* [Instructions to follow] Please retype the listing below word for word and exclude its images.

* [Given material]

★ ★ ★ ★

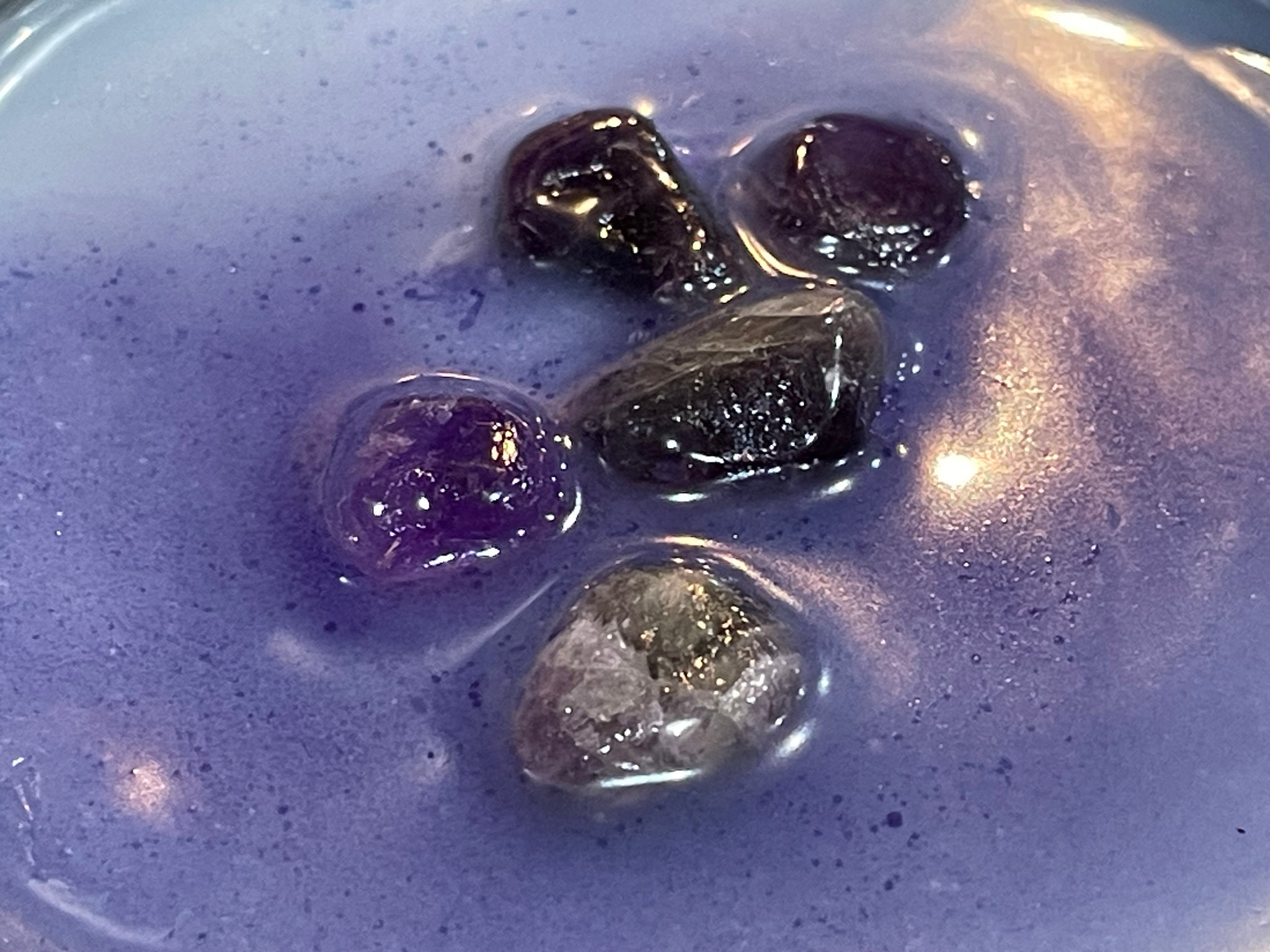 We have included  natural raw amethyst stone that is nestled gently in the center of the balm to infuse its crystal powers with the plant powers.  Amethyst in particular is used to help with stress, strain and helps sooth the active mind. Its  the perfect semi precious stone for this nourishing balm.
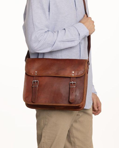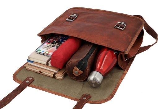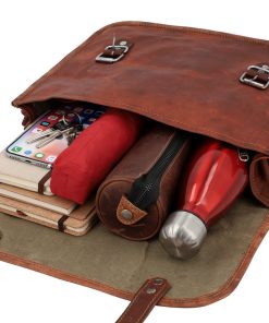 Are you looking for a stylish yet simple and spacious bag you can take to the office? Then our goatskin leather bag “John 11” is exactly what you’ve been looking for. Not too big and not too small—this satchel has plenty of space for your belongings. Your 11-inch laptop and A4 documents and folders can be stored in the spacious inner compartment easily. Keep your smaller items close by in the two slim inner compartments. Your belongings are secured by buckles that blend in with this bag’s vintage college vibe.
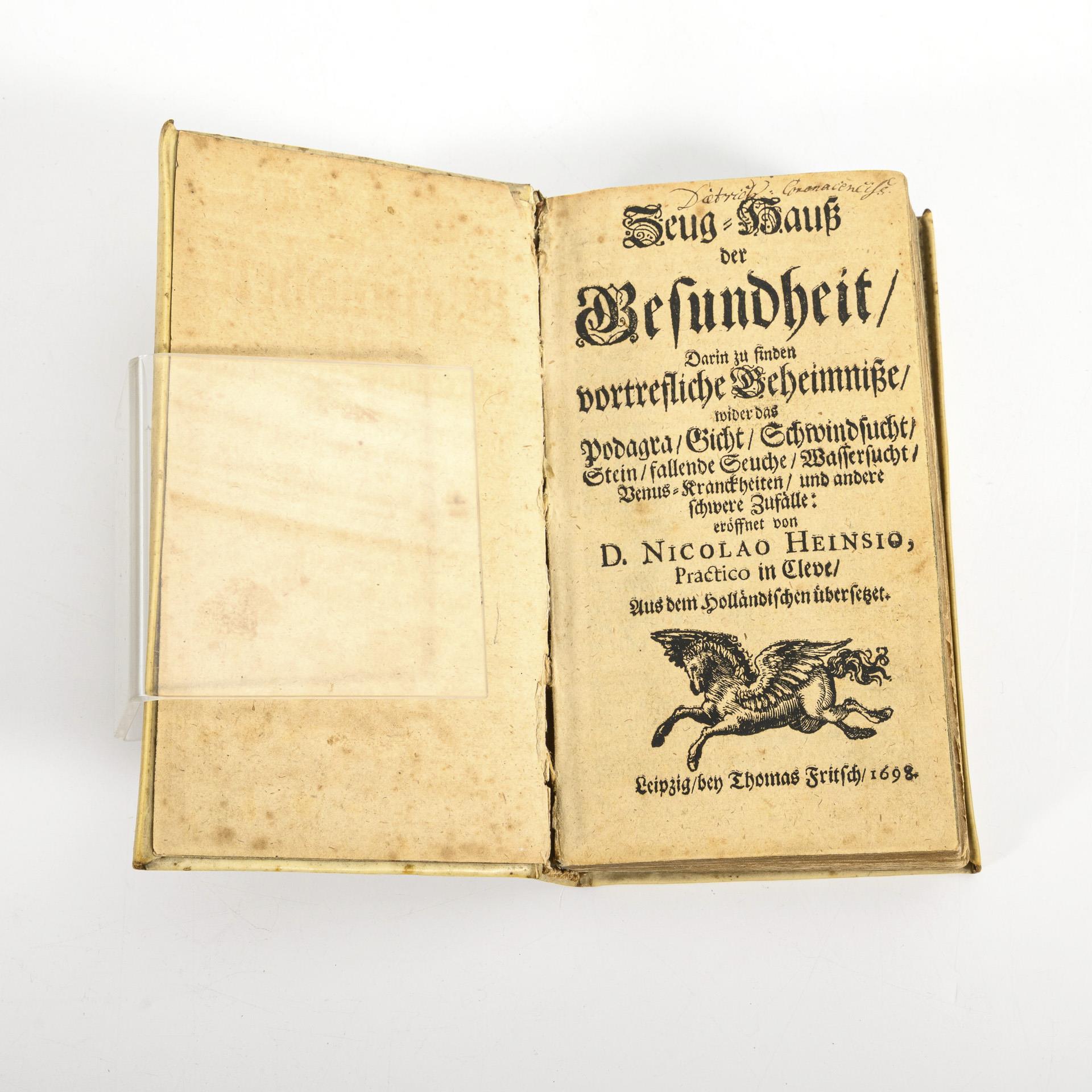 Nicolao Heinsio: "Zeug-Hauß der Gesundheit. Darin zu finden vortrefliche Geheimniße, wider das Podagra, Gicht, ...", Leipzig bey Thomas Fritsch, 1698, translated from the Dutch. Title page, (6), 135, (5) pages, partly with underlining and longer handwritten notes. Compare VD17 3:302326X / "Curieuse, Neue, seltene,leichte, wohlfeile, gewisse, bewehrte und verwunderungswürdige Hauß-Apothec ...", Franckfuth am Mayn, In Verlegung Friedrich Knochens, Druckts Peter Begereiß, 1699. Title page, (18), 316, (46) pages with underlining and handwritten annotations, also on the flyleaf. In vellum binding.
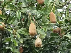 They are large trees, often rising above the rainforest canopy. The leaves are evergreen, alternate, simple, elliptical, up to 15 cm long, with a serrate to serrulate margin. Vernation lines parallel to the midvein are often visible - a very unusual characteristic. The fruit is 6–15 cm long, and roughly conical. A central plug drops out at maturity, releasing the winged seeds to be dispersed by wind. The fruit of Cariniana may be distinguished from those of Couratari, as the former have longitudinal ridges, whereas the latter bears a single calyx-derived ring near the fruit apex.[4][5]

★ ★ ★ ★

* [Response to this task]
 We have included  natural raw amethyst stone that is nestled gently in the center of the balm to infuse its crystal powers with the plant powers.  Amethyst in particular is used to help with stress, strain and helps sooth the active mind. Its  the perfect semi precious stone for this nourishing balm.
 Are you looking for a stylish yet simple and spacious bag you can take to the office? Then our goatskin leather bag “John 11” is exactly what you’ve been looking for. Not too big and not too small—this satchel has plenty of space for your belongings. Your 11-inch laptop and A4 documents and folders can be stored in the spacious inner compartment easily. Keep your smaller items close by in the two slim inner compartments. Your belongings are secured by buckles that blend in with this bag’s vintage college vibe.
 Nicolao Heinsio: "Zeug-Hauß der Gesundheit. Darin zu finden vortrefliche Geheimniße, wider das Podagra, Gicht, ...", Leipzig bey Thomas Fritsch, 1698, translated from the Dutch. Title page, (6), 135, (5) pages, partly with underlining and longer handwritten notes. Compare VD17 3:302326X / "Curieuse, Neue, seltene,leichte, wohlfeile, gewisse, bewehrte und verwunderungswürdige Hauß-Apothec ...", Franckfuth am Mayn, In Verlegung Friedrich Knochens, Druckts Peter Begereiß, 1699. Title page, (18), 316, (46) pages with underlining and handwritten annotations, also on the flyleaf. In vellum binding.
 They are large trees, often rising above the rainforest canopy. The leaves are evergreen, alternate, simple, elliptical, up to 15 cm long, with a serrate to serrulate margin. Vernation lines parallel to the midvein are often visible - a very unusual characteristic. The fruit is 6–15 cm long, and roughly conical. A central plug drops out at maturity, releasing the winged seeds to be dispersed by wind. The fruit of Cariniana may be distinguished from those of Couratari, as the former have longitudinal ridges, whereas the latter bears a single calyx-derived ring near the fruit apex.[4][5]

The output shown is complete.